第三个来看Cleanup函数,用于清理连接,没什么特别的逻辑.

// Cleanup removes the given address from the connections set and
// closes the connection.
func (mt *MultiplexTransport) Cleanup(p Peer) {
 mt.conns.RemoveAddr(p.RemoteAddr())
 _ = p.CloseConn()
}

func (mt *MultiplexTransport) cleanup(c net.Conn) error {
 mt.conns.Remove(c)

 return c.Close()
}

最后是生命周期管理的close与listen函数,前者是正常的关闭逻辑,后者要关注的就是最后启动了一个acceptPeers的协程,持续监听消息.
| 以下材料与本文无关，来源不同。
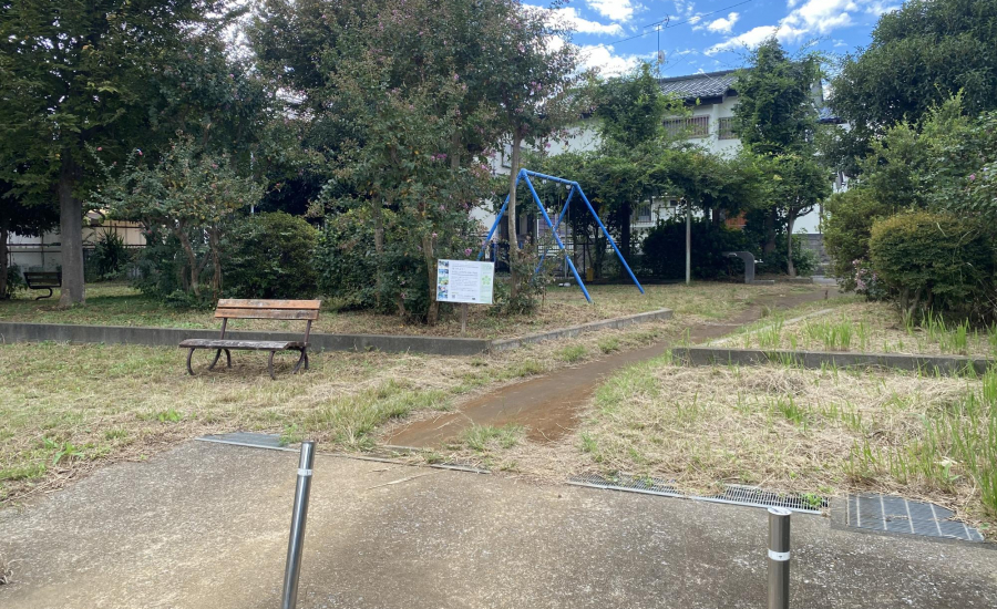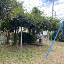 テニスコート2面分ほどの広さながら、地域の人々に大切にされている公園です。公園は通り抜けができる構造になっており、公園前の道路も車通りが少なく、落ち着いた雰囲気です♪小さい子どもと訪れても安心して過ごせる環境が整っています。
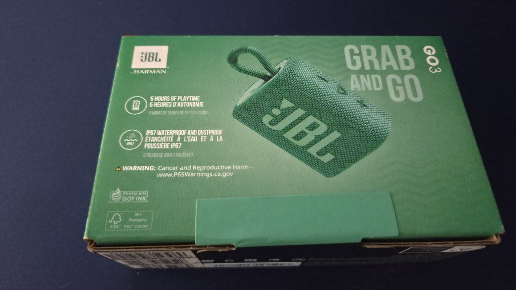 JBL Go 3 portable mini Bluetooth speaker features bold styling and rich JBL Pro Sound. With its new eye-catching edgy design, colorful fabrics and expressive details this a must-have speaker for your next outing. Your tunes will lift you up with big audio and punchy bass. It’s IP67 waterproof and dustproof so you can keep listening at the pool, park or in the shower. With its integrated loop, you can carry it anywhere. Go 3 comes in completely new shades and color combinations inspired by current street fashion. • JBL Go 3 portable mini Bluetooth speaker • Rich JBL Original Pro Sound • Ultra-portable design • 5 hours of playtime • Wireless Bluetooth Streaming • IPX67 Waterproof and dustproof
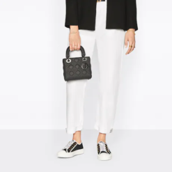 The Lady Dior handbag epitomizes the House’s vision of elegance and beauty. Sleek and refined, the timeless yet relevant style is crafted in black ultramatte calfskin with Cannage stitching, creating the instantly recognizable quilted texture. The tonal metal ‘D.I.O.R.’ charms further embellish and illuminate its silhouette. Featuring a removable chain shoulder strap, the miniature Lady Dior bag can be carried by hand, worn over the shoulder or crossbody as an ideal evening companion.
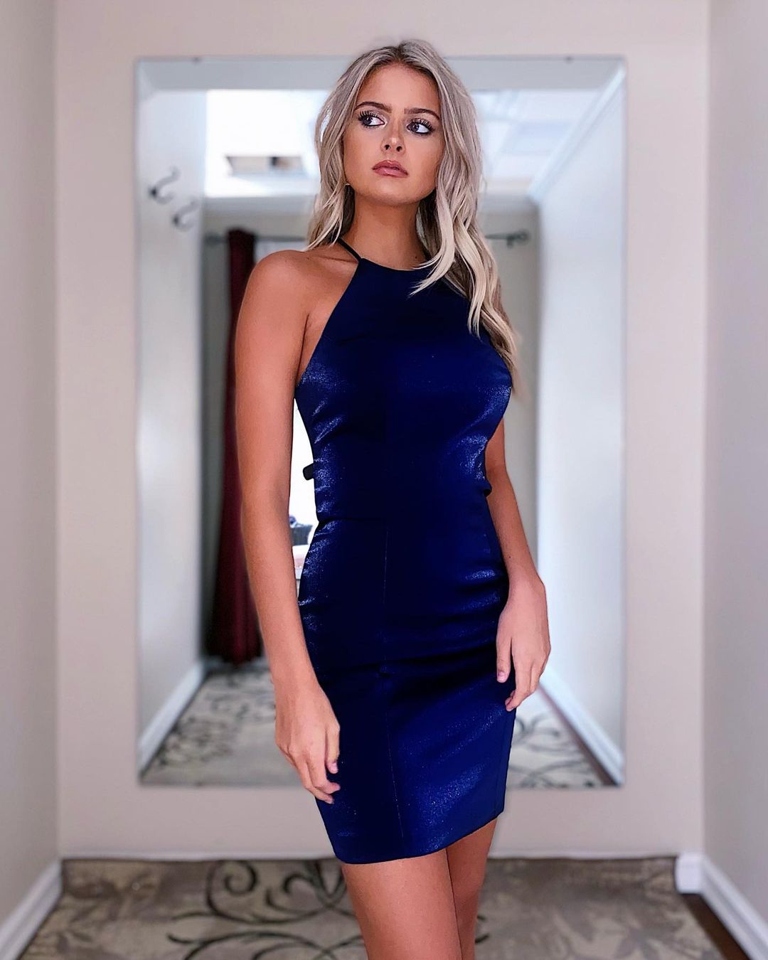 Cute Sheath Hatler Navy Blue Velvet Homecoming Dresses
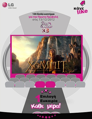 H LG παρουσιάζει τον διαγωνισμό «1 Shot, 2 Friends, 3D» και σου δίνει κάθε ημέρα μια ευκαιρία να κερδίσεις ένα από τα 100 διπλά εισιτήρια για τη νέα ταινία της Village Cinemas «The Hobbit» 3D!

// Close implements transportLifecycle.
func (mt *MultiplexTransport) Close() error {
 close(mt.closec)

 if mt.listener != nil {
  return mt.listener.Close()
 }

 return nil
}

// Listen implements transportLifecycle.
func (mt *MultiplexTransport) Listen(addr NetAddress) error {
 ln, err := net.Listen("tcp", addr.DialString())
 if err != nil {
  return err
 }

 if mt.maxIncomingConnections > 0 {
  ln = netutil.LimitListener(ln, mt.maxIncomingConnections)
 }

 mt.netAddr = addr
 mt.listener = ln

 go mt.acceptPeers()

 return nil
}

func (mt *MultiplexTransport) acceptPeers() {
 for {
  c, err := mt.listener.Accept()
  if err != nil {
   // If Close() has been called, silently exit.
   select {
   case _, ok := <-mt.closec:
    if !ok {
     return
    }
   default:
    // Transport is not closed
   }

   mt.acceptc <- accept{err: err}
   return
  }

  // Connection upgrade and filtering should be asynchronous to avoid
  // Head-of-line blocking[0].
  // Reference:  https://github.com/tendermint/tendermint/issues/2047
  //
  // [0] https://en.wikipedia.org/wiki/Head-of-line_blocking
  go func(c net.Conn) {
   defer func() {
    if r := recover(); r != nil {
     err := ErrRejected{
      conn:          c,
      err:           fmt.Errorf("recovered from panic: %v", r),
      isAuthFailure: true,
     }
     select {
     case mt.acceptc <- accept{err: err}:
     case <-mt.closec:
      // Give up if the transport was closed.
      _ = c.Close()
      return
     }
    }
   }()

   var (
    nodeInfo   NodeInfo
    secretConn *conn.SecretConnection
    netAddr    *NetAddress
   )

   err := mt.filterConn(c)
   if err == nil {
    secretConn, nodeInfo, err = mt.upgrade(c, nil)
    if err == nil {
     addr := c.RemoteAddr()
     id := PubKeyToID(secretConn.RemotePubKey())
     netAddr = NewNetAddress(id, addr)
    }
   }

   select {
   case mt.acceptc <- accept{netAddr, secretConn, nodeInfo, err}:
    // Make the upgraded peer available.
   case <-mt.closec:
    // Give up if the transport was closed.
    _ = c.Close()
    return
   }
  }(c)
 }
}

以上就是transport.go文件的整体业务逻辑,完整的提供了节点直接的通信过程,并最终通过证书将通信进行加密.

2.5 switch

接下来分析用于路由管理的switch.go这个文件,顾明思意,该文件又类似交换机的作用,分析代码,该文件负责处理节点之间的连接管理、消息路由和流控等操作。它将消息从一个Connection转发到另一个Connection，并维护Connection的状态，以保证通信的可靠性和安全性。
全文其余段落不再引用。